Location
- 700 West Tate Drive Robinson, Texas 76706-5505 United States 31°27′46″N 97°7′17″W﻿ / ﻿31.46278°N 97.12139°W

Information
- School type: Public high school
- Motto: Rockets Never Quit
- Established: 1963
- School district: Robinson Independent School District
- Principal: Kati Dietzman
- Staff: 55.77 (on an FTE basis)
- Grades: 9-12
- Enrollment: 717 (2023–2024)
- Student to teacher ratio: 12.86
- Colors: Royal blue and white
- Athletics conference: UIL Class AAAA
- Mascot: Rocket
- Team name: Rockets
- Newspaper: Vapor Trails
- Yearbook: Galaxy
- Website: Robinson High School

= Robinson High School (Texas) =

Robinson High School (commonly Robinson or RHS) is a public high school located in Robinson, Texas, United States and is classified as a 4A school by the University Interscholastic League. It is part of the Robinson Independent School District, which serves students mostly from Robinson; parts of the district extend into Lorena and Waco. The district also covers several small rural towns including Golinda, Levi, Rosenthal, Asa, Downsville, and Mooreville. In 2015, the school was rated "Met Standard" by the Texas Education Agency.

==Athletics==
The Robinson Rockets compete in these sports -

Cross Country, Volleyball, Football, Basketball, Swimming, Powerlifting, Soccer, Tennis, Golf, Track, Baseball and Softball.

Until the mid-2000s, the girls' athletic teams were referred to as the Rockettes; however, this nickname has largely fallen out of use and now refers chiefly to the school's drill team. Students also have won individual UIL 3A state titles in track, cross country, and powerlifting.

===State titles===
- Baseball
  - 2026(4A/D2)
- Girls' Basketball -
  - 1970(2A), 2009(3A)
- Girls' Track -
  - 1974(1A)
- Softball -
  - 1999(3A), 2025(4A/D2)
- Tennis-2008 (3A) Boys doubles

==Band==
The Robinson High School Marching Band, "The Pride of the Blue" has made 20 appearances at the UIL State Marching Contest, winning four marching championships.

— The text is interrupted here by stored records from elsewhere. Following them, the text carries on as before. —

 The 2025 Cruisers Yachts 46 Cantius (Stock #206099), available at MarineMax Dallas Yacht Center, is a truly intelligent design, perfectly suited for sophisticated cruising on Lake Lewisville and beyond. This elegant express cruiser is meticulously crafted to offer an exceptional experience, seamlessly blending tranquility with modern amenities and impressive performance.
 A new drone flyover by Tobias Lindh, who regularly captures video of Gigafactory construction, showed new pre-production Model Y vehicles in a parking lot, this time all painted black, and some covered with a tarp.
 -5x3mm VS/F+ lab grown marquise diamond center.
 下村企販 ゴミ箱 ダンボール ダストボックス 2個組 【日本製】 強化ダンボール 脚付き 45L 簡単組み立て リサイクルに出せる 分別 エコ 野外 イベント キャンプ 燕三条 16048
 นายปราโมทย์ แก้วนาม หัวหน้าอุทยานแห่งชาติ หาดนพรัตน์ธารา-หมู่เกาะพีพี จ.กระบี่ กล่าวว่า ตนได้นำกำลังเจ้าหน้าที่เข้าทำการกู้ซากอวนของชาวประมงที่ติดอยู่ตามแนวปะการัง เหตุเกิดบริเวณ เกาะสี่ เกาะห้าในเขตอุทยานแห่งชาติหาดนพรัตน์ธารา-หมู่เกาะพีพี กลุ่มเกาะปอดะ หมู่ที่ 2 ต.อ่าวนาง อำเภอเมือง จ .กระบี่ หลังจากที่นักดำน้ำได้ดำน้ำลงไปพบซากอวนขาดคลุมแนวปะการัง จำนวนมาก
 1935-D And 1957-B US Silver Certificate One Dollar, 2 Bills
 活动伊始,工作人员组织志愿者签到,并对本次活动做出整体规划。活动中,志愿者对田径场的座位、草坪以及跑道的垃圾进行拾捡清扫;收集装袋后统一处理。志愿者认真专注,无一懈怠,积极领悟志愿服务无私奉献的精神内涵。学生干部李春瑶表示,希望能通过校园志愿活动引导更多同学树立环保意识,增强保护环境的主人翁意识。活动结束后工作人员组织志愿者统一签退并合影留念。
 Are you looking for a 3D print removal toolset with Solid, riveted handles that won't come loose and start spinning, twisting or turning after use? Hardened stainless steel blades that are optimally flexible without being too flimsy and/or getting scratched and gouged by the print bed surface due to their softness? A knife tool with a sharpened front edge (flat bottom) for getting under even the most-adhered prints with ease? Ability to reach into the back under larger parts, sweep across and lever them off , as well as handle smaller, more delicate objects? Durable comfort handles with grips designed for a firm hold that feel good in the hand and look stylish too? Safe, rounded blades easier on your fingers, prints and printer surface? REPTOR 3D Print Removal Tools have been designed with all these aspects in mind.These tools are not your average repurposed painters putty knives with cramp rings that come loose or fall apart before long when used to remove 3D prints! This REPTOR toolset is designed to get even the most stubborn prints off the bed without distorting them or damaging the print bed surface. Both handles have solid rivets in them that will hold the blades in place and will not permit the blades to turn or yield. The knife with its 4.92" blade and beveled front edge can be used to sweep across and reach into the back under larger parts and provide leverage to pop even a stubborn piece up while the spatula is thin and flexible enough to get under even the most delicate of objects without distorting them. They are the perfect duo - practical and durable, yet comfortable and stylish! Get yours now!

- Marching Band State Champions
  - 1981 (3A), 1984(3A), 1994(3A), 1996(3A)

== Notable alumni ==
- Braxton Ashcraft - MLB pitcher for the Pittsburgh Pirates.
- Clint Dolezel - American football coach and former professional arena football player in the Arena Football League (AFL).
- Jason Tucker - NFL & CFL Football - Dallas Cowboys, Edmonton Eskimos.